(GIVEN INFORMATION begins)

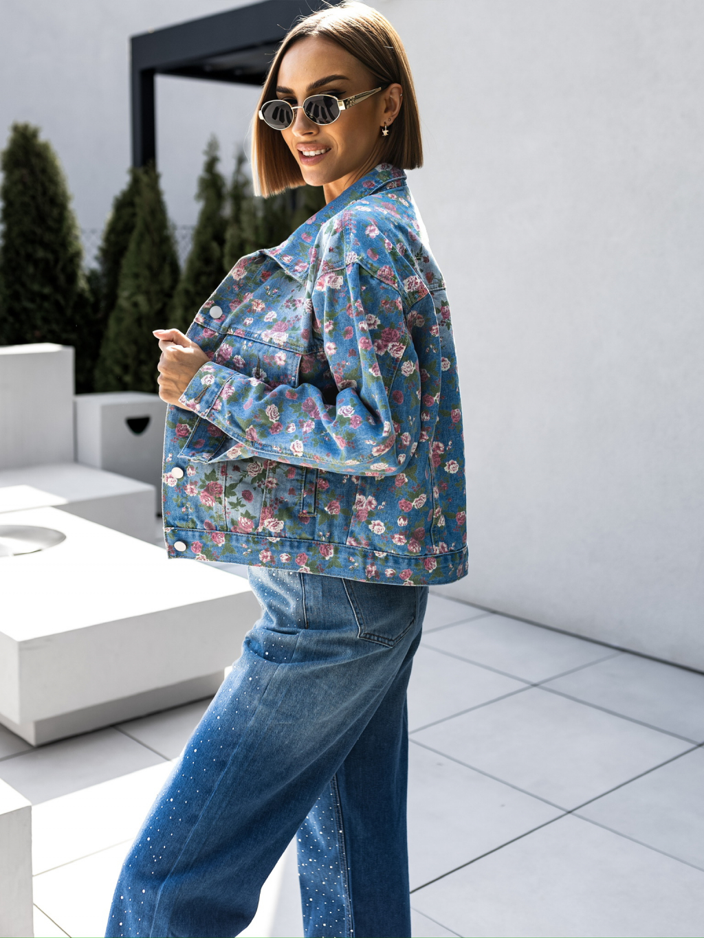 Modrá květovaná džínová bunda OGNJAJ s kytičkami
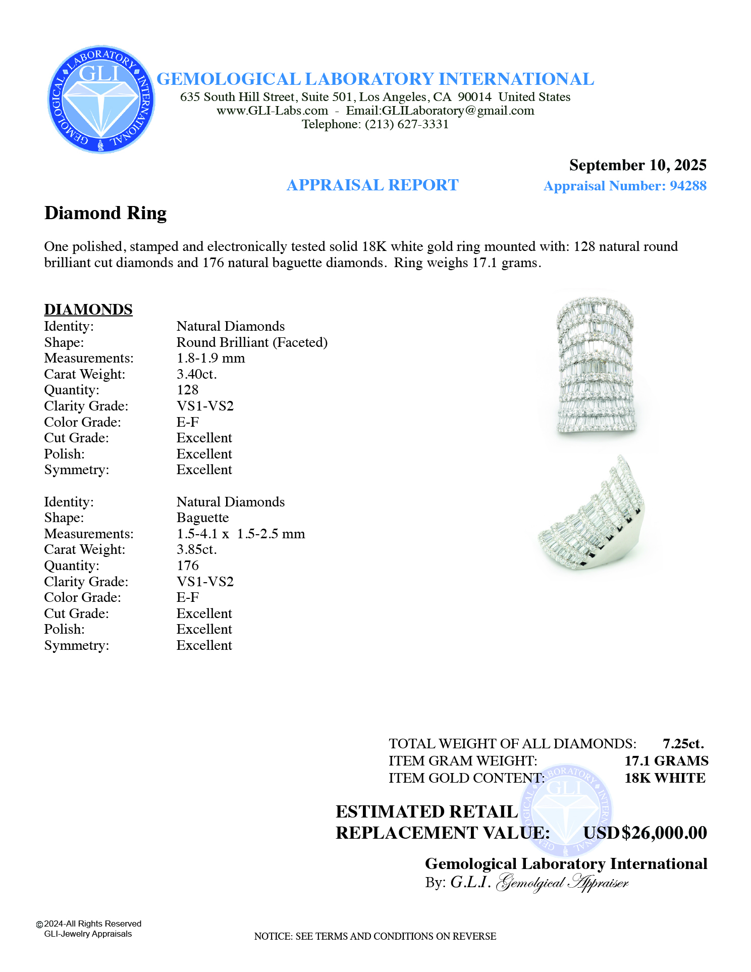 Adjacent (176) Natural Baguette Diamonds 3.85ct.tw (Total Diamonds 304) Total Weight of All Diamonds 7.25ct.tw
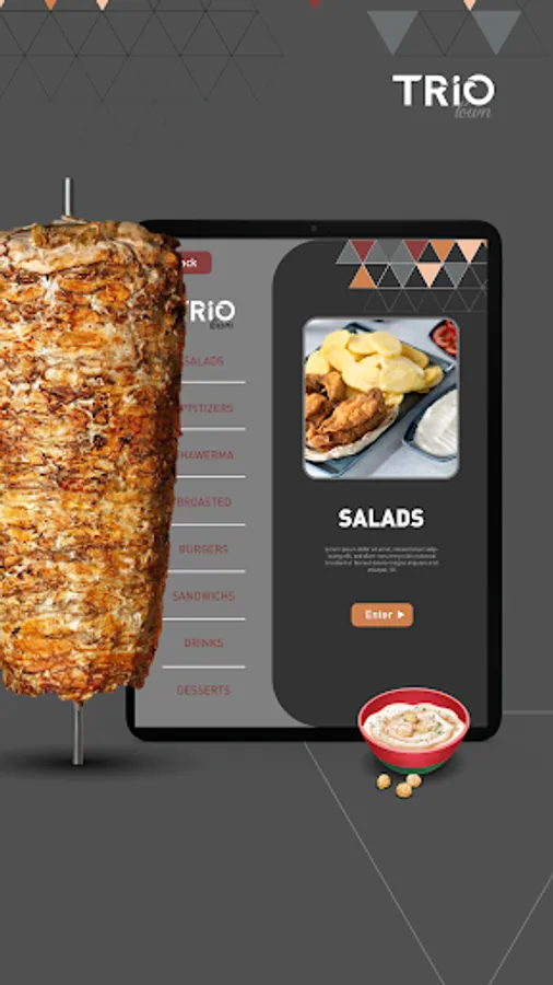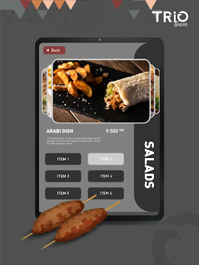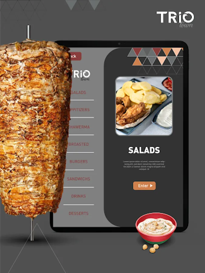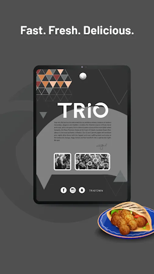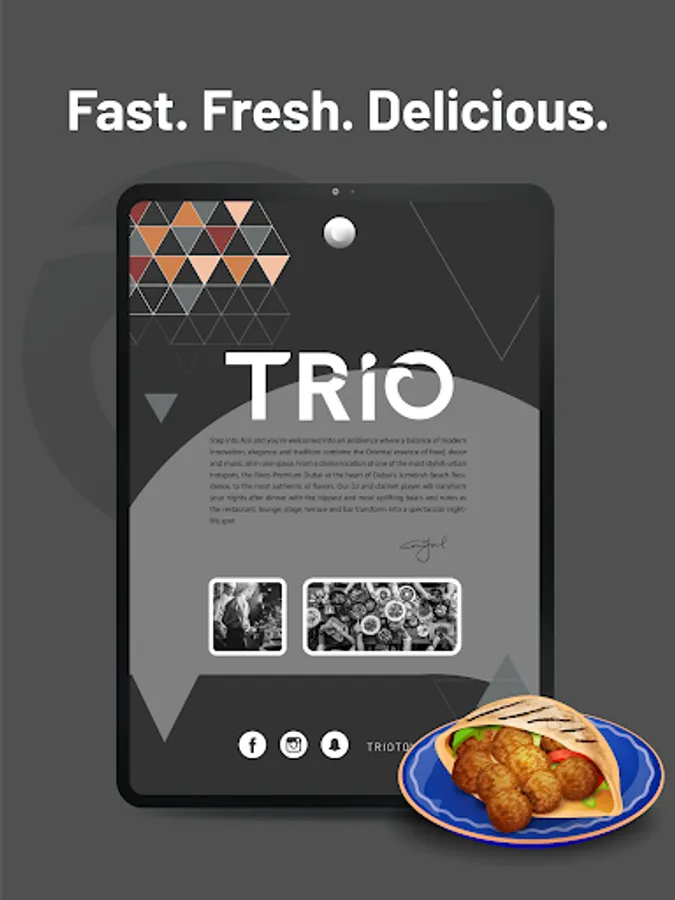 Digital menu for Trio restaurant, where you can browse all our food and drinks then order.
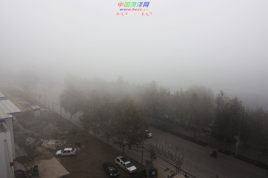 11月24日,一场大雾“锁”住牡丹城,菏泽城区笼罩在朦胧之中,房屋在大雾中若隐若现,而车辆则只能开着雾灯或打着双闪灯在道路上低速行驶。

(GIVEN INFORMATION ends)

### [EXERCISE]
Could you give back the full listing word for word, leaving out the images?

### [TASK SOLUTION]
 Modrá květovaná džínová bunda OGNJAJ s kytičkami
 Adjacent (176) Natural Baguette Diamonds 3.85ct.tw (Total Diamonds 304) Total Weight of All Diamonds 7.25ct.tw
 Digital menu for Trio restaurant, where you can browse all our food and drinks then order.
 11月24日,一场大雾“锁”住牡丹城,菏泽城区笼罩在朦胧之中,房屋在大雾中若隐若现,而车辆则只能开着雾灯或打着双闪灯在道路上低速行驶。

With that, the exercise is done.